Das Vorstellungsgespräch läuft gut, bis dann plötzlich diese fiesen Fragen kommen, die uns ins Straucheln bringen. Business Insider erklärt, was Personaler*innen in dieser Situation wirklich hören wollen.

So kannst du selbst bei schwierigen Fragen punkten

Jede*r, der einmal einen Bewerbungsprozess bei einem größeren Unternehmen durchlaufen hat, weiß, dass es längst nicht mehr ausreicht, den eigenen Lebenslauf und die Eckdaten des Unternehmens auswendig runterbeten zu können. Valentina Resetarits von unserem Partner Business Insider hat sich mit diesem Thema auseinandergesetzt und herausgefunden, was Personaler*innen hören wollen, wenn sie uns nach Misserfolgen fragen.

Die Personalabteilungen wollen sich ein umfassendes Bild von der Person machen, die sich bewirbt.
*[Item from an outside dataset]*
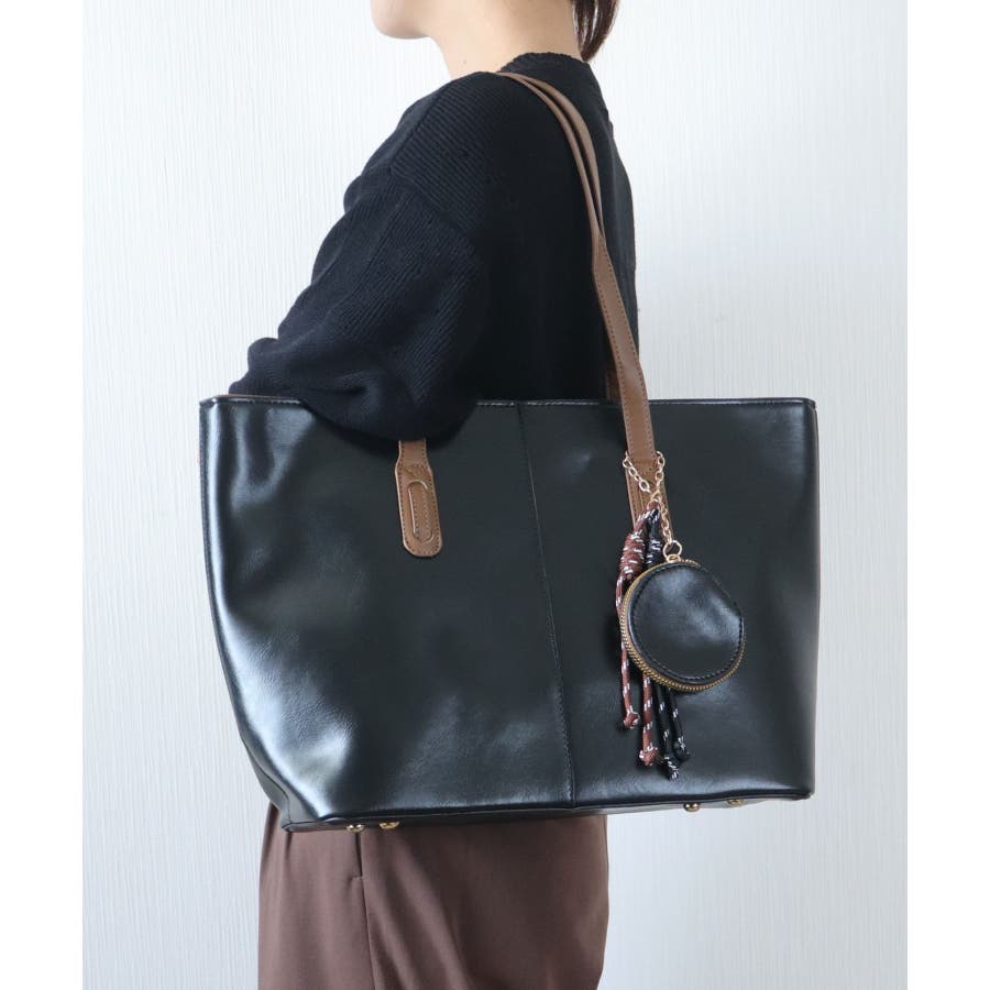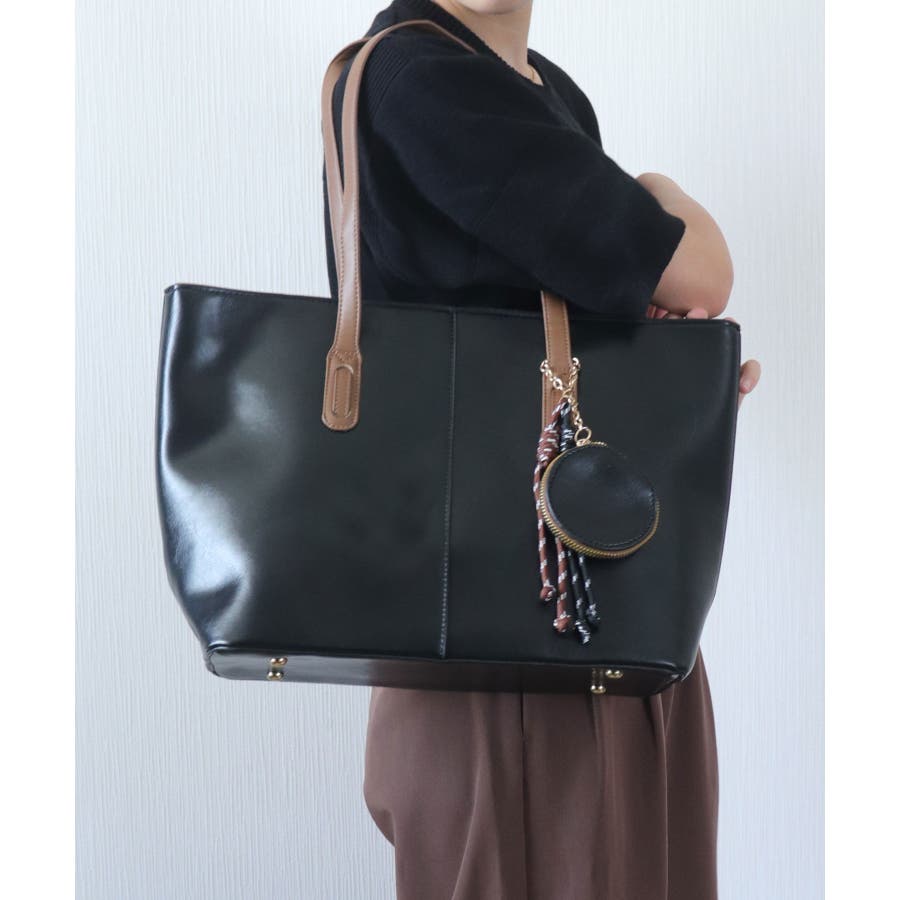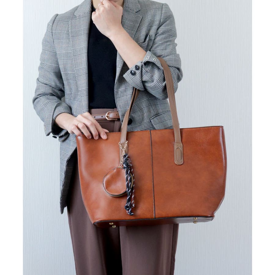 オンオフ兼用で、キレイめにも大人カジュアルにも合わせやすいスタイリッシュなトートバッグです。

Sie wollen nicht, dass sich die*der Bewerber*in perfekt präsentiert – sie wollen, dass er*sie authentisch ist. Und um hinter die Fassade zu blicken, die wir – wenn wir ehrlich sind – alle versuchen, bei der Bewerbung aufrecht zu erhalten, stellen die Personaler*innen dann oft auch ziemlich ungewöhnliche und knifflige Fragen.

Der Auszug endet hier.